[Exercise data]

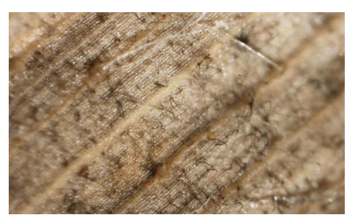
Figure 5. Black "hairs" are a sign of southern corn leaf blight caused by B. maydis
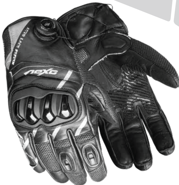
COLOR: BLACK, GREY
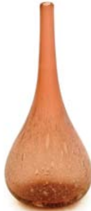
29-12-91S 12" T x 5" W aubergine tall teardrop mini bubble vase
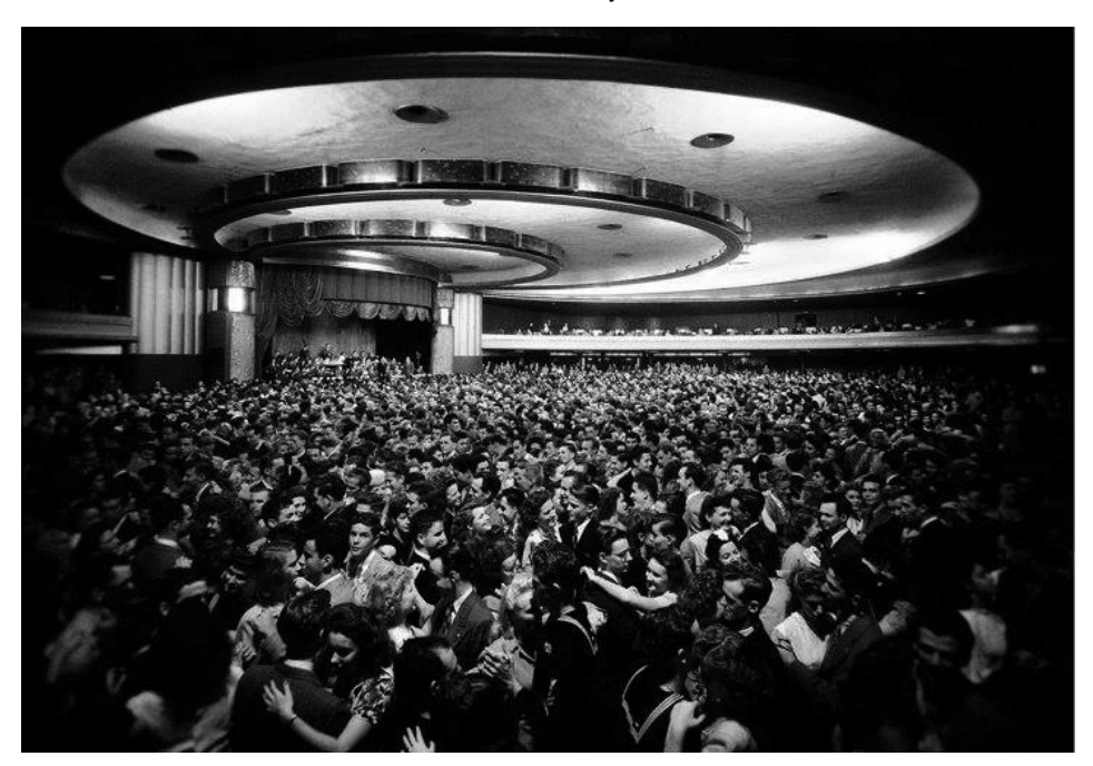
(https://jhgraham.com/wp-content/uploads/2020/11/palladium2.jpg) The ultra-modernistic interior. LAPL.

[/Exercise data]

**Task:** Transcribe exactly, and only, the lines from the one with "COLOR: BLACK, GREY" through the final line of the data above. The pictures stay out.

**Task result:**
COLOR: BLACK, GREY
29-12-91S 12" T x 5" W aubergine tall teardrop mini bubble vase
(https://jhgraham.com/wp-content/uploads/2020/11/palladium2.jpg) The ultra-modernistic interior. LAPL.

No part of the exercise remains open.